#  > STAGE & RIGGING FORA >  > RIGGING FORUM - ONDERWERPEN & FOTO'S >  >  Accident

## Grom

Hello,

   I found this accident on the other forum.
Here is link
Concert Cancelled After Accident | The Emory Wheel

----------


## Grom

I dont know how to edit, so I write another kessage.

I am not sure, but I think this is original roof
http://www.beezgetz.com/original_roof.jpg
(not for that event)

message to grom:  in Dutch "Edit" means " wijzig" just push the button :-)

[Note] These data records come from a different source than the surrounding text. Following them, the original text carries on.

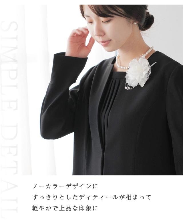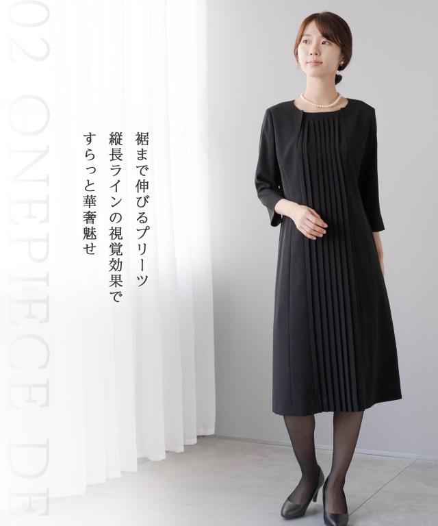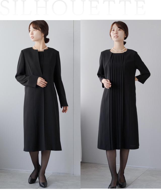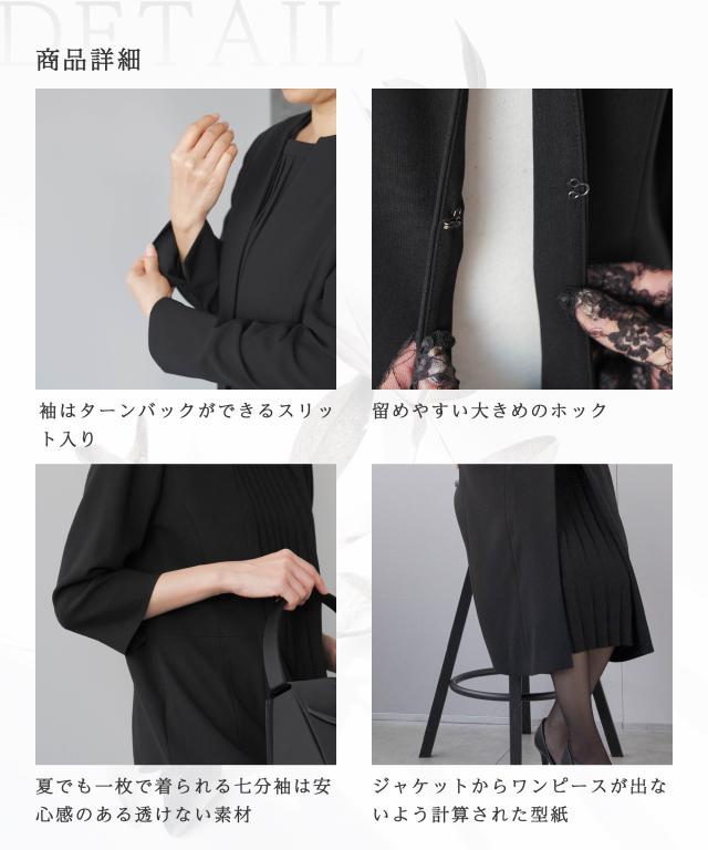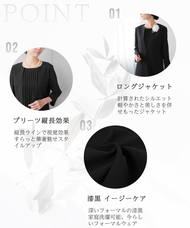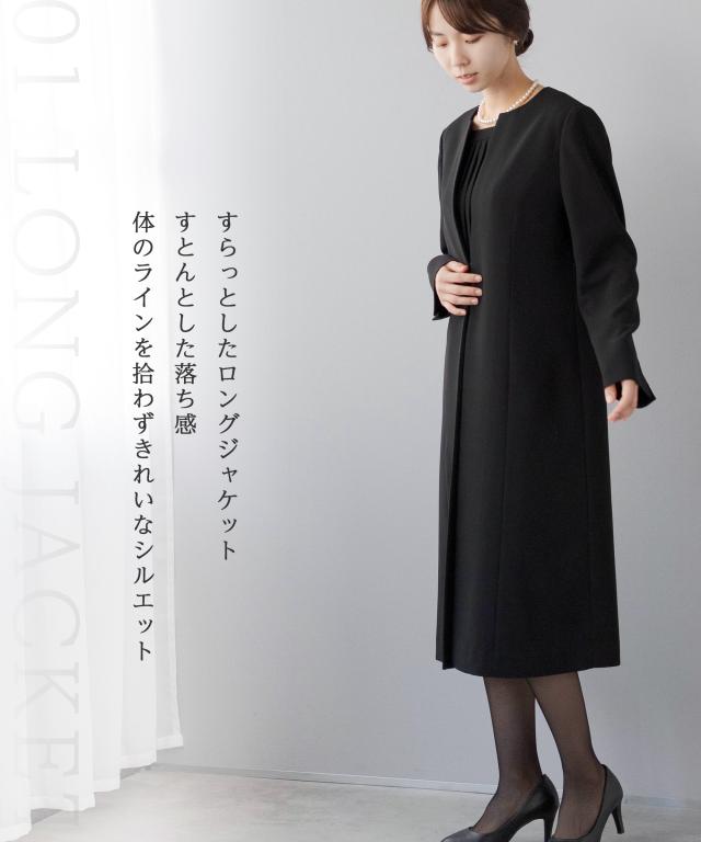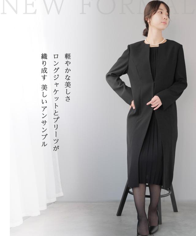 キーワード:喪服 礼服 ブラックフォーマル アンサンブル ワンピーススーツ プリーツワンピース ロング丈ジャケット ロングジャケット お通夜 葬儀 葬式 お別れの会 偲ぶ会 20代 30代 40代 50代 おしゃれ かわいい 上品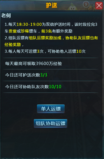 3、 每人每天可运镖3次,可协助他人运镖10次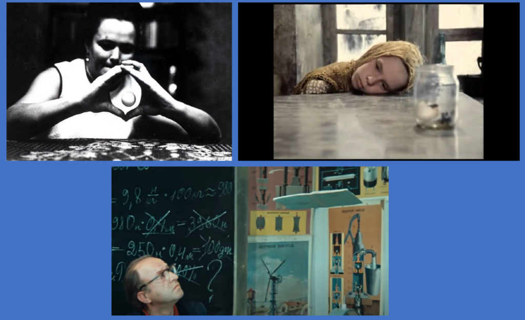 Следующий пример: первым исполнителем телекинеза в советской культуре стала Нинель Кулагина, которую мы уже упоминали выше. Это была женщина из Ленинграда, обретшая известность благодаря демонстрации своих якобы экстрасенсорных способностей. Именно к ее образу отсылает известная сцена из фильма «Сталкер», в которой девочка двигает банку по столу силой мысли. Еще два года назад мы могли только гадать, знал ли Тарковский о существовании Кулагиной или нет, но в начале 2022 года в издательстве «НЛО» вышла книга Евгения Цымбала «Рождение „Сталкера“», которая приоткрывает завесу тайны. В ней приводятся документальные свидетельства того, что режиссер действительно видел записи с сеансом телекинеза в исполнении Кулагиной и после их просмотра сказал: «Теперь я знаю, как будет заканчиваться „Сталкер“».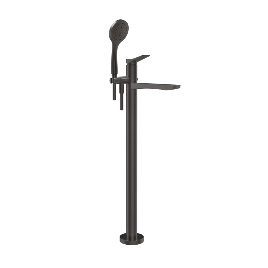 Смеситель для ванны напольный с душевым набором без скрытой части RILIEVO 707 Black Metal Brushed PVD GESSI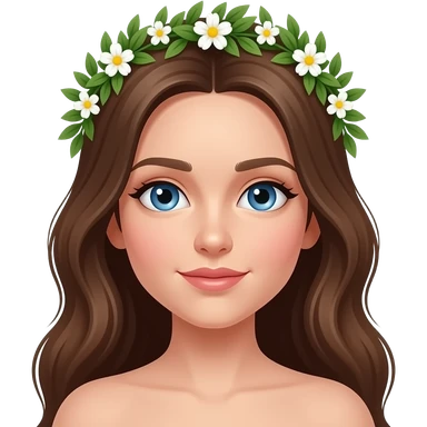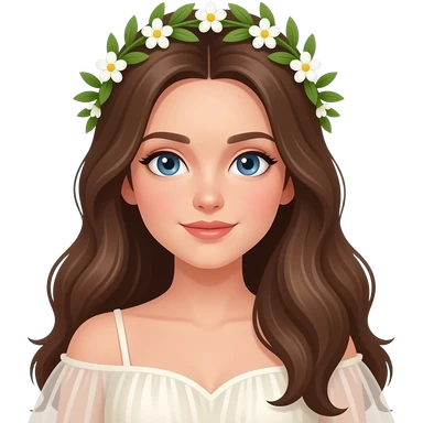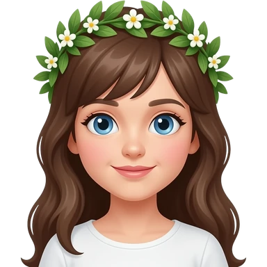 Ragazza occhi azzurri capelli castani lunghi corona alloro con fiori piccoli bianchi solo in testa emoji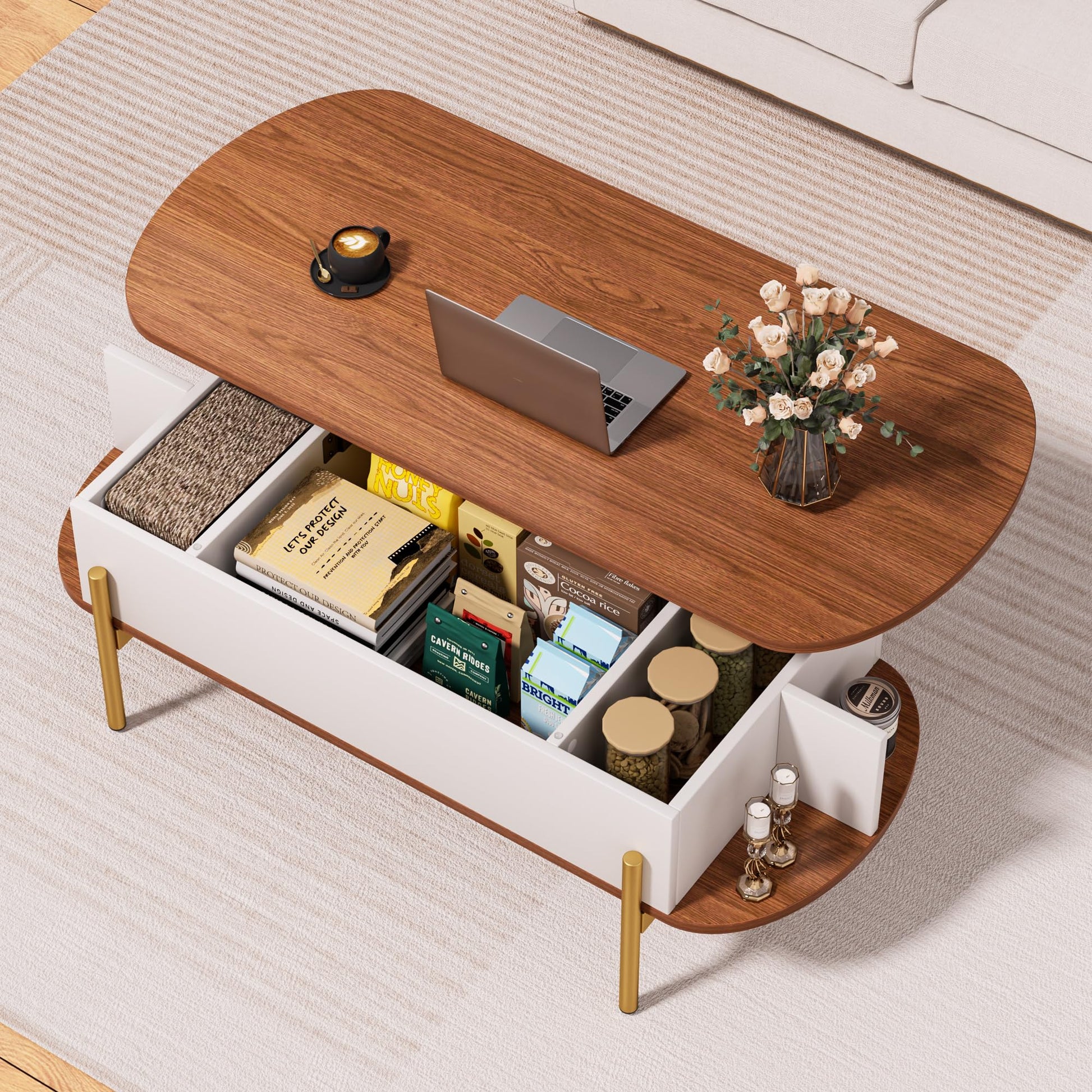 - [Ample Storage & Versatile Use]: The oval coffee table has large hidden compartments and open storage on both sides, protecting your privacy and easy access. The contemporary style of the coffee tables for living room fits in well with other types of furniture, and the lift top table can be used for a variety of occasions, whether it's a work area, an entertainment space, or an occasional dining table.

Ok, Thanks! I will remember that.

And the picture of this second roof is not the same roof. It seems smaller...

----------


## Jeroen de Goei

http://www.11alive.com/assetpool/ima...25a%5B1%5D.jpg

een klein beetje betere foto.


verder is er weinig te zien.
te grote overspanning met te kleine truss en teveel gewicht. 
Plat dak, misschien iets met wind.

----------


## rinus bakker

Luckily no-one was killed. But that is only going to be a matter of time. 
The incident with 10 fatalities or more might finally wake us. And if not at another moment in time there will be 20 or more killed. And when this (yet another one, in the row of examples from the recent years) one doesn't help to get some common sense into manufacturer and user brains alike, that "Big One" certainly will happen at a random moment in time (choosen by Mr. Murphy). 
And then we all will be in (big) trouble for at least a year or so, when H&S and Building Inspection Officials will raise 'their ugly heads' which up till now have been put in carefully planned "ostrich position".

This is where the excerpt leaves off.